成田街道を通り、佐倉の宿場町だった場所をゆっくりと走る。往時の賑わいはないものの、今も古い佇まいをわずかに残している。旧街道を北に曲がって佐倉街道に出ると、周囲よりもこんもりと盛り上がった場所が見える。ここが佐倉城があった場所だ。現在ここには国立歴史民俗博物館が建っている。
国立歴史民俗博物館は考古学や歴史、民俗の広い範囲に渡って展示されている博物館で、明治・大正の歴史学者・黒板勝美の提唱で設置が検討された。計画が具体化するのは1970年代に入ってからで、完成は1981年。

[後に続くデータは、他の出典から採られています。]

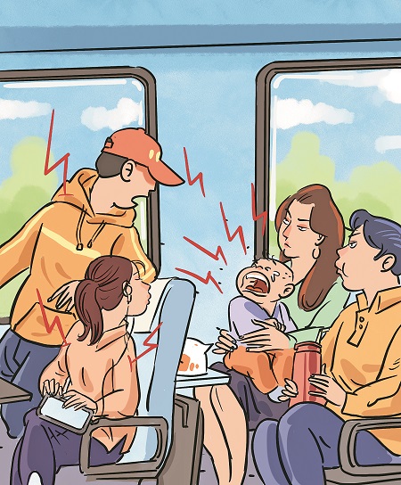 公共场所孩童喧闹是常见的闹心事,一些网友点赞上述大学生,是因为其吼出了自己的心声和期待,另一些网友认为此举不妥,则道出了当下公共场所维持安静秩序所面临的现实困境。孩童因对外界环境不适而哭闹叫喊在所难免,而乘客希望周遭环境舒适也是合理诉求。我们关注此类个案,是希望能凝聚起更多的公共空间文明共识,探索更多可行的柔性治理措施。比如,有的家长提前准备益智游戏让孩子保持专注和安静,有的乘务员通过趣味试卷“拿捏”小朋友,有的乘客则会在家长手忙脚乱时搭把手、帮着逗娃……说到底, 解决这一问题,不能只靠个别人去吼,而需身处其中的每个人在包容理解的基础上出一份力。

正直言ってあまり期待しないで行ったのだが、玄関をくぐるとその規模の大きさに度肝を抜かれた。上野の国立博物館と比較しても、まったくひけを取らない。古代から昭和末期までが時代に沿っての展示がされており、つぶさに観ていったらとても1、2時間では終わらない。おそらく1日はいられるだろう。
こんな立派な博物館が、なぜ佐倉に建てられたのかが謎だが、規模が大きいために都心では土地がなかったのかもしれない。歴史好きなら、一度訪れて損はない博物館だと思う。

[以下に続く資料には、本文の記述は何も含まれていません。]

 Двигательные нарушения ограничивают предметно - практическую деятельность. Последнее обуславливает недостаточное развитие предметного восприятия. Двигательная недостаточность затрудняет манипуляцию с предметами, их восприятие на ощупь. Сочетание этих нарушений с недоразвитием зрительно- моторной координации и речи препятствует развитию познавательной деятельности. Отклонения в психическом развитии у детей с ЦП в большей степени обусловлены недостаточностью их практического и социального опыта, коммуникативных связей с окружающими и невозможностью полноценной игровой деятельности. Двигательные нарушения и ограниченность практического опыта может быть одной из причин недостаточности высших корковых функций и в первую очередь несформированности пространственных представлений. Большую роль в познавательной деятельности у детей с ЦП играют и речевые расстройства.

さて、もうひとつのおすすめスポットが「DIC川村記念美術館」だ。名前から分かるとおり、DIC(大日本インク)が関連会社が収集した美術作品を展示するために建てたものである。言ってしまえば、大日本印刷グループの創業家である川村家の収蔵品を見せてくれる、というわけだ。
実はこの美術館に訪れたのがすでに夕刻で、残念ながら閉館まで30分しかなく入館を諦めた。すごく楽しみにしていた美術館だったので心残りだったが、次回にすることに。ここには中世の作品はもちろんのこと、前衛的な現代美術作品も多く収蔵されており、定期的に展示が変わる。
この美術館の周囲は自然散策路になっており、無料で入ることができる。散策路の奥には広い公園もあり、子供を遊ばせておくにも手頃だ。またミュージアムレストランもあるので、ランチを楽しむのもいいだろう。
前述のとおり、ここ佐倉には佐倉藩が置かれ、江戸の東側を守っていた。その佐倉藩主の居城が佐倉城だ。鹿島山の西端に築かれ、周囲を鹿島川、高崎川、そして印旛沼の湿地帯に囲まれるという絶好の立地となっていた。
この城の場所には、戦国以前にここらを治めていた千葉氏が何度か城を築こうとしたが挫折。結局、1610年になってようやく、徳川家康の命によって土井利勝が築城した。石垣がない質素な城で、元々あった地形を利用しながら土塁や空堀を造った。天守台には天守閣の代わりに三重櫓が建っていたようだ。だが明治の廃城令によってそれらはすべて取り壊され、帝国陸軍の駐屯地として使われた。
この時土塁が削られたり、空堀が埋められたりしたが、近年になって復元されている。
現在では往時のことを窺い知れる建造物は何ひとつ残っていないが、佐倉街道から城趾に入って本丸址まで歩いてみると、実に規模の大きな城だったことが分かる。見た目は質素でも、実戦的な城だったのだろう。
城趾の一部には先ほど紹介した博物館が建っているが、この辺に陸軍の建物があったようだ。城内にも谷のような地形があり、有事に敵が攻めたなら、城内に入っても苦戦を強いられたことだろう。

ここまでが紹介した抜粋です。